Evidence suggests North Korea was involved in the massive hack attack on Sony, according to outgoing House Intelligence Committee chair Mike Rogers (R-Mich).
“I would argue, as a former FBI guy, that when a nation state says that this group who doesn’t know who we are but did this on behalf of the North Korean people … and we appreciate it…As we would say in the FBI, ‘That is a clue’,” Rogers said this morning at a Christian Science Monitor breakfast in Washington.
The North Korean government has denied responsibility for the hack, which leaked reams of internal documents and took down Sony’s computer system, but called the action a “righteous deed,” Washington newspaper The Hill reported Rogers saying at the breakfast.
North Korea has blasted Sony for moving ahead with its comedy The Interview, a comedy about a plot to assassinate North Korean leader Kim Jong Un.

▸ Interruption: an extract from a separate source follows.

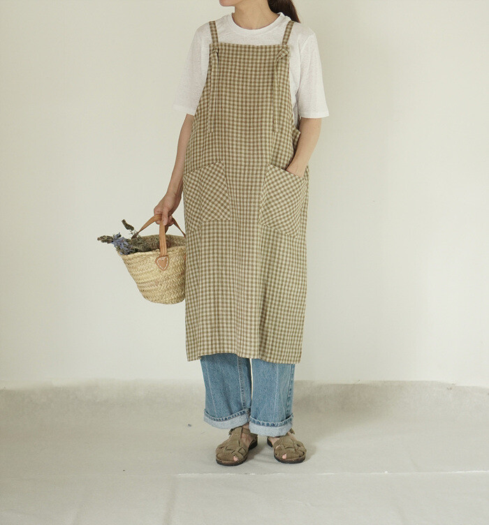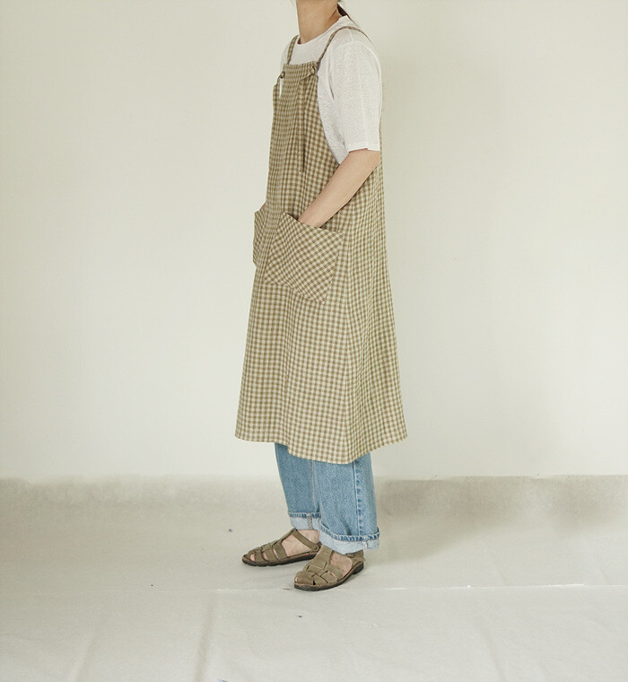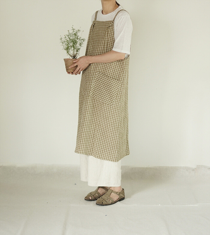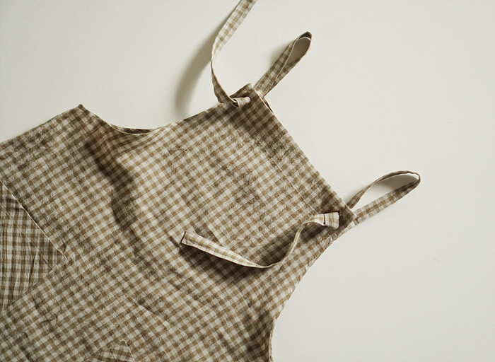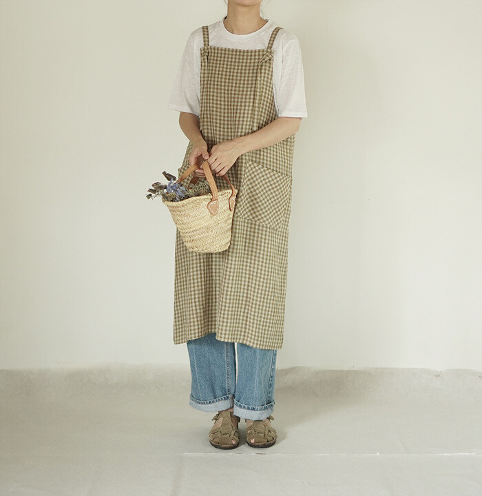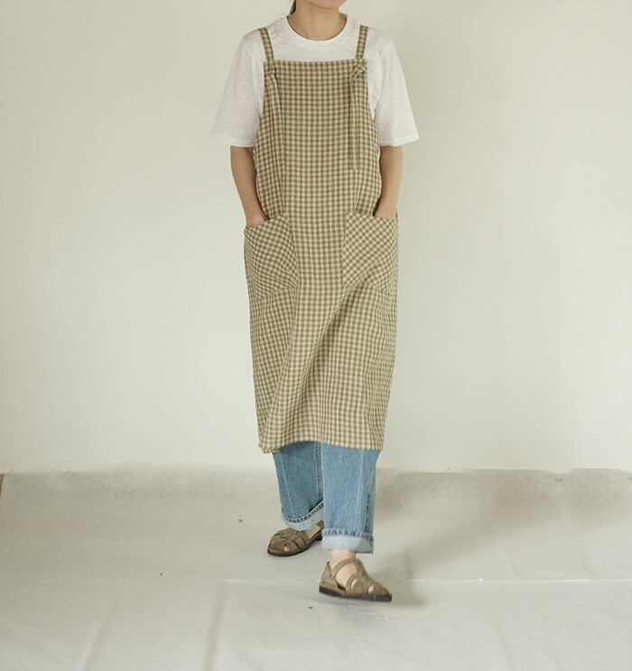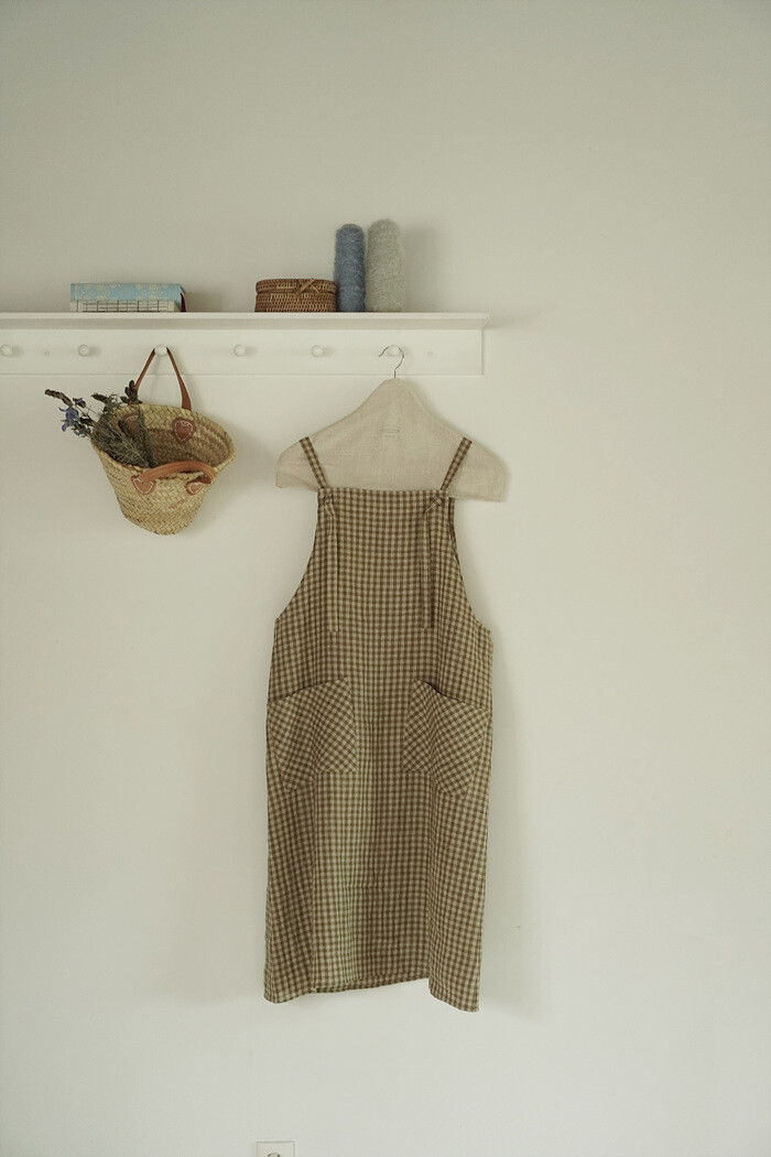 에이프런 원피스, leaf check

Rogers said he is “fairly confident” North Korea is responsible “given the public information.”
“We want to thank Amy Pascal for having the balls to make this movie,” Seth Rogen said Thursday night at the subdued world premiere of The Interview, which has been closely associated with the company’s hack attack.

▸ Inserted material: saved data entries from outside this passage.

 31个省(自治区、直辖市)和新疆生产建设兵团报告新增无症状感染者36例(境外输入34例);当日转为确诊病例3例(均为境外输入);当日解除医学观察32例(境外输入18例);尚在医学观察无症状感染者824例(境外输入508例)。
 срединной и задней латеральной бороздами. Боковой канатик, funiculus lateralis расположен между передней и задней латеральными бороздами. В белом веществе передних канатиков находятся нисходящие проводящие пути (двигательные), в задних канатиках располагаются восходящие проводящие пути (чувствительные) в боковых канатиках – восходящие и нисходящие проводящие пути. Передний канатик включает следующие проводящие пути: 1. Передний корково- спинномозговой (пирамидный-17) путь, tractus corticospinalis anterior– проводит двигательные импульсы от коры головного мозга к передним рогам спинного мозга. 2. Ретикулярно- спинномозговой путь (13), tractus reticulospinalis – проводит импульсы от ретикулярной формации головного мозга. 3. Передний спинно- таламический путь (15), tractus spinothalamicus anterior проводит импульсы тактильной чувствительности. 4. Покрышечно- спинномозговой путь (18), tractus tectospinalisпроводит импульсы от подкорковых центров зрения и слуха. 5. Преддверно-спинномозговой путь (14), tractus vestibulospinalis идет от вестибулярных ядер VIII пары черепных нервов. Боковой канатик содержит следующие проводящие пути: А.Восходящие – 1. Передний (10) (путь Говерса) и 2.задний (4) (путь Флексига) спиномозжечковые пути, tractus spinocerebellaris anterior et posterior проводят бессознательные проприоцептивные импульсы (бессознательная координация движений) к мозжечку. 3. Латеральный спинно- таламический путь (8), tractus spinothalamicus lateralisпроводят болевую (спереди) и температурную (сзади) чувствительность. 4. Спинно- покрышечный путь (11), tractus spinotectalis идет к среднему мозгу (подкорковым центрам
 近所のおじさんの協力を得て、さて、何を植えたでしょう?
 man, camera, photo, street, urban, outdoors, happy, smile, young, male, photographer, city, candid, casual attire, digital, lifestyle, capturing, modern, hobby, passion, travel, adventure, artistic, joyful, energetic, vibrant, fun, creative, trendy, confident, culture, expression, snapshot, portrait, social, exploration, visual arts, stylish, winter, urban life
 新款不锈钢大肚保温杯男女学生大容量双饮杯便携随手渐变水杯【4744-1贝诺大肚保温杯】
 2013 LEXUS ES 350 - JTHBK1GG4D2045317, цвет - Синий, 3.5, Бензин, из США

The next morning, in Washington, Rogers said the Sony attack resembled the campaign, DarkSeoul, which hit banks and media companies across South Korea last year, but added new techniques. For instance, he thinks Sony hackers have maintained a backdoor into the computer network.
“So, by the time you get it back up, they can whack you again,” Rogers said, adding, “Sony is a game changer when it comes to cyber in the United States.”
The Interview was first conceived in 2011, the year Kim Jong Un succeeded his father as North Korea’s Supreme Leader. Sony gave it the go-ahead the following spring.